Inflation is a widespread fear throughout the market. So, what asset can hedge inflation, or even benefit from it? My answer is Teck Resources Limited (NYSE:TECK).

Commodities are often the go-to to hedge inflation as they are positively correlated with it. Unlike many other commodity companies, TECK has a more diversified portfolio of products. TECK benefits from rising copper, zinc, and steelmaking (otherwise known as metallurgical or coking) coal prices while having an operational hedge against increasing energy prices.

Note: Prices are in USD unless otherwise stated.

Commodity Inflation and Macro-Situations

First, let’s look at relevant price changes.

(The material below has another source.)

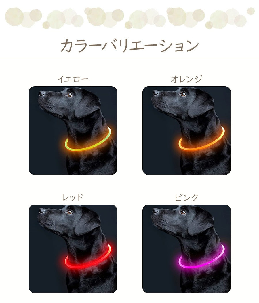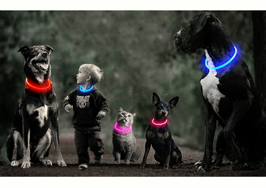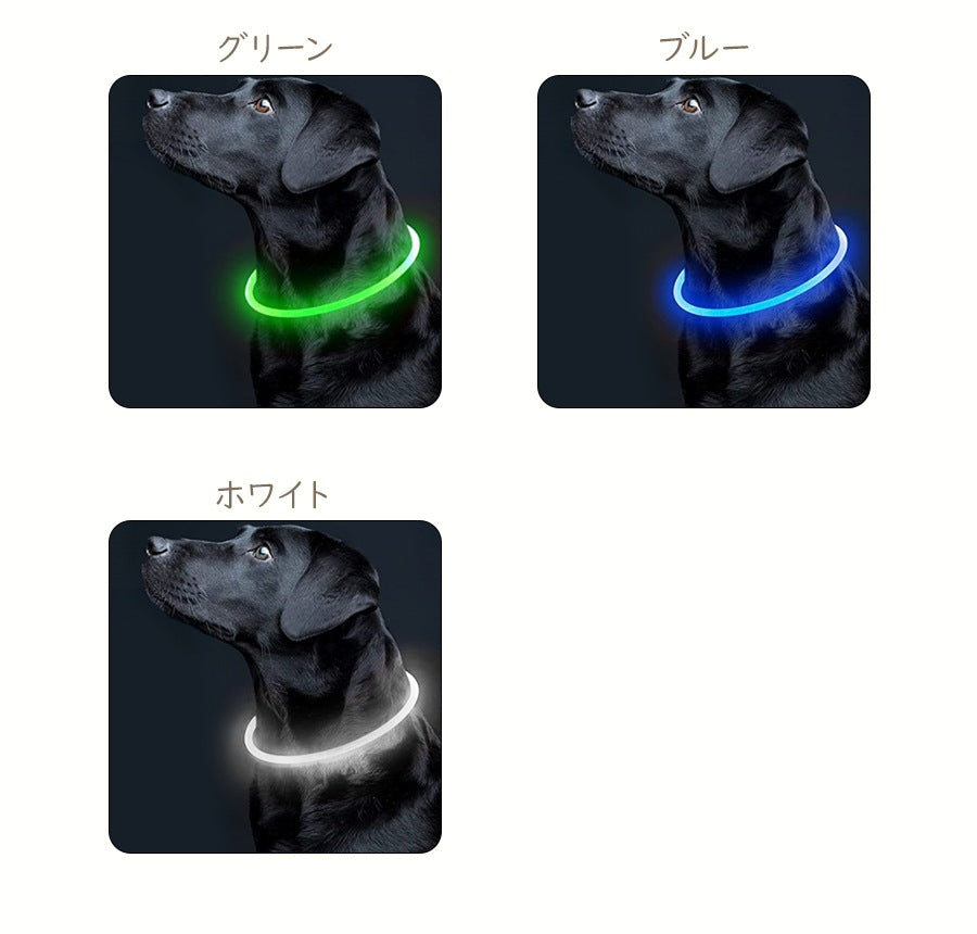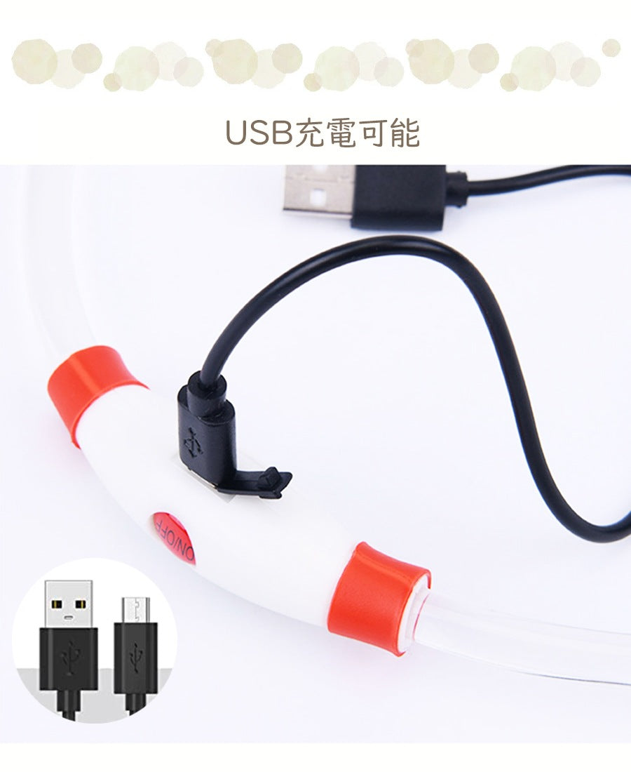 USB充電式の光る首輪 子犬 中型犬 お散歩にぴったり 発光 LED首輪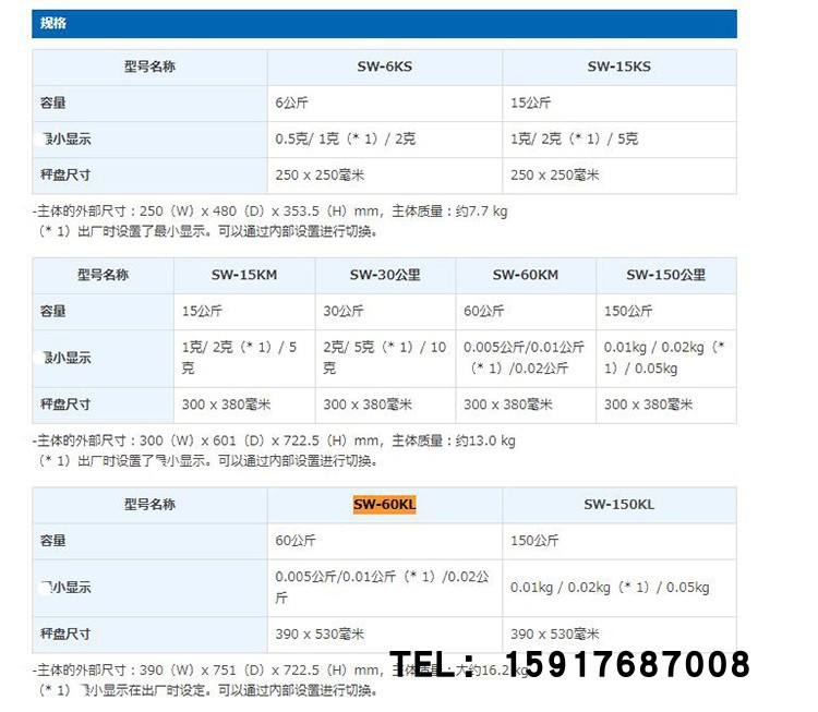 SW-6KS;SW-15KM;SW-30KM;SW-60KM 原装平台秤 |

Copper, Crude Oil, Coal, Zinc, TECK prices

Commodity Prices (Teck Resources Q4 Investor Presentation)

Relevant commodities have all materially increased over the past year. Steelmaking coal, copper, zinc, and crude oil account for 52%, 21%, 22%, and 5% of revenue respectively for Q4 2021.

The substantial rise in the price of TECK’s primary products has led to a massive 50.6% increase in revenue year-over-year for 2021.

Steelmaking Coal

Steelmaking coal prices have been pushed up dramatically as the world’s biggest importer China informally restricted the majority of its imports from Australia, the world’s largest exporter of steelmaking coal. China has let through coal that has been stuck at customs for months, but imports are still a small fraction of what they were, so heightened prices remain.

Looking forward, another geopolitical situation is playing out as Europe looks to phase out Russian coal products. Russian coal accounts for 45% of European imports, so importers will need to pay a premium to make up the deficit. TECK’s coal may be particularly attractive as it has lower carbon emissions, meaning it may be more enticing to the increasingly green-conscious continent.

However, temporary headwinds should be expected. Steel demand has dampened for 2022. Steel demand is critical as it is the core usage of steelmaking coal. Widespread COVID-19 lockdowns and a weakened real estate market in China are causing a drop in expected demand. China being the world’s largest producer and consumer of steel is critical to the demand for metallurgical coal.

TECK has benefited from the large price increase even as its production is lower than guidance for Q1 2022 due to Canadian Pacific Railway (CP) strikes. Only 6.0m tonnes of coal were sold in Q1 under the guidance range of 6.1-6.5m tonnes. But, due to the macro-price effects, TECK still came out on top increasing sales by $88m for the segment.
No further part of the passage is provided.